5/10
Sleaze-Orama?
15 December 2016
For some reason the theme of older man and younger girl seems a perennially popular one in French cinema and is usually done - film and relationship - with charm and some believability. The stories of Colette an influence but not entire explanation. In Gigi, the film based on a Colette story, young Leslie Caron is an engaging ingenue. Her ultimate fate is glossed over however her love interest is the older but attractive and ultimate French charmer, Louis Jourdan, someone who could probably win over any girl's mother in his project.

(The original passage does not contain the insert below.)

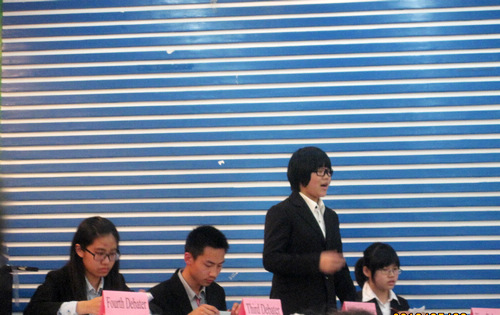 休息五分钟后,第二场比赛又开始了。辩题是Chinese man football team is hopeful or hopeless(中国男足是否有希望),正方是老虎机 ,他们的观点是Chinese man football team is hopeful。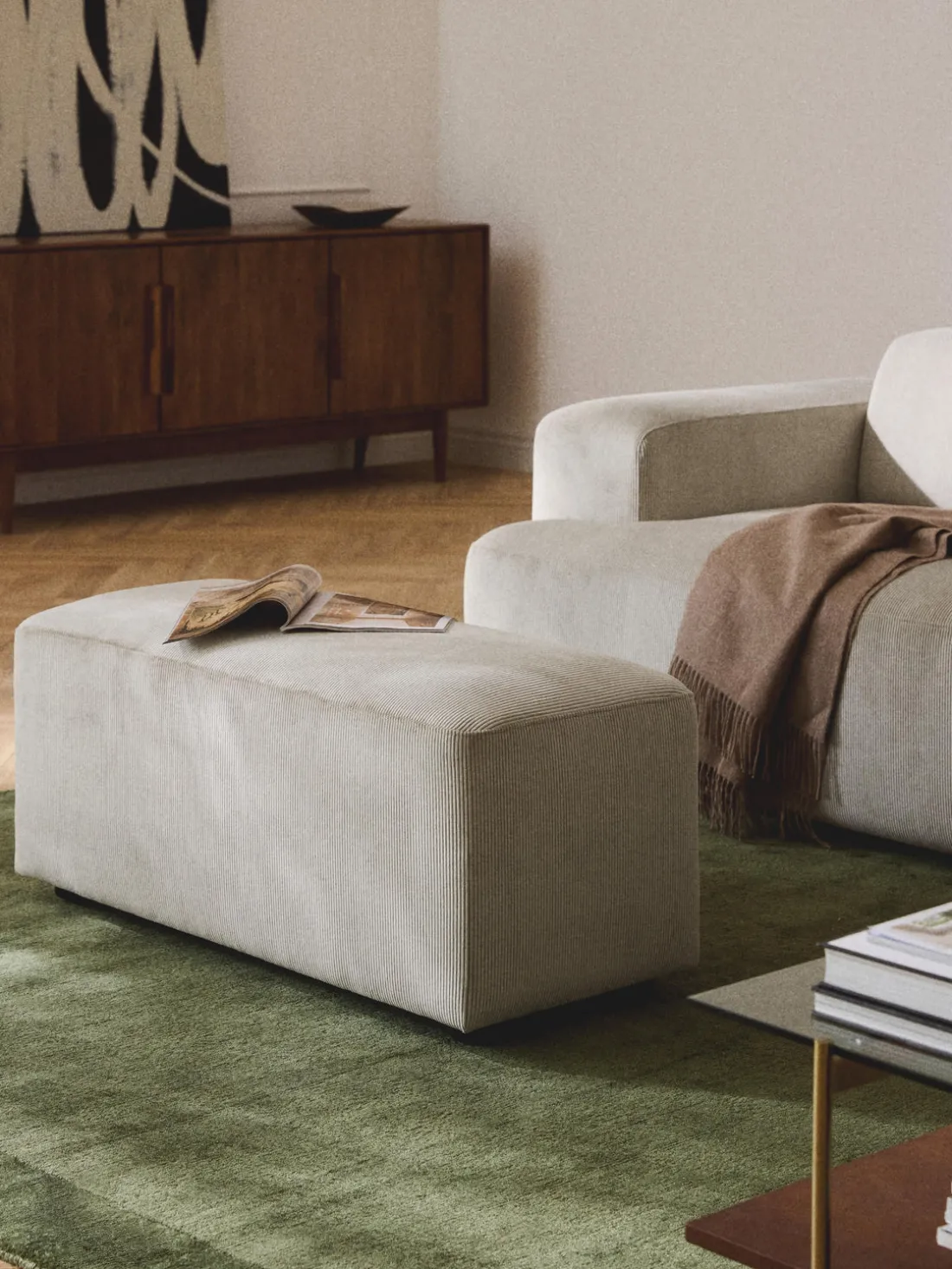 Puf reposapiés de pana Melva, An 99 x F 42 cm

UK films on this topic however tends towards a peculiar mixture of moralising and prurience - exploitation under the guise of exploring social issues.

Here the film entirely lacks charm (other than Olivia Hussey's innate kind) or believablility. Tom Bell, as ever, plays a bluff manly man's man, but is neither charmer nor seducer. Perhaps his appearance was fashionable at the time but the over-long all-round facial hair gives him a slightly furtive appearance - a sort of hair-hoody, slightly suggestive of dirty-mac schoolyard-loiterer. His performance seems low key - as if hoping that few people will notice he's in the cast. Olivia Hussey, having just charmed the world with her youngest sweetest prettiest of Juliets, is an odd choice here - more a dirty mac fantasy than anything remotely believable. In real life a girl of such extraordinary prettiness would have experienced the interest and (usually) tiresome attentions of older men, would thus have well known her attractiveness and chosen someone special, whatever their age, of equal or greater attractiveness either of looks, style, manner, education, sophistication or simply very rich - not an ordinary middle-aged geezer. Putting aside the improbability, the story-line itself is so-so. The casting of Olivia Hussey makes the film ridiculous.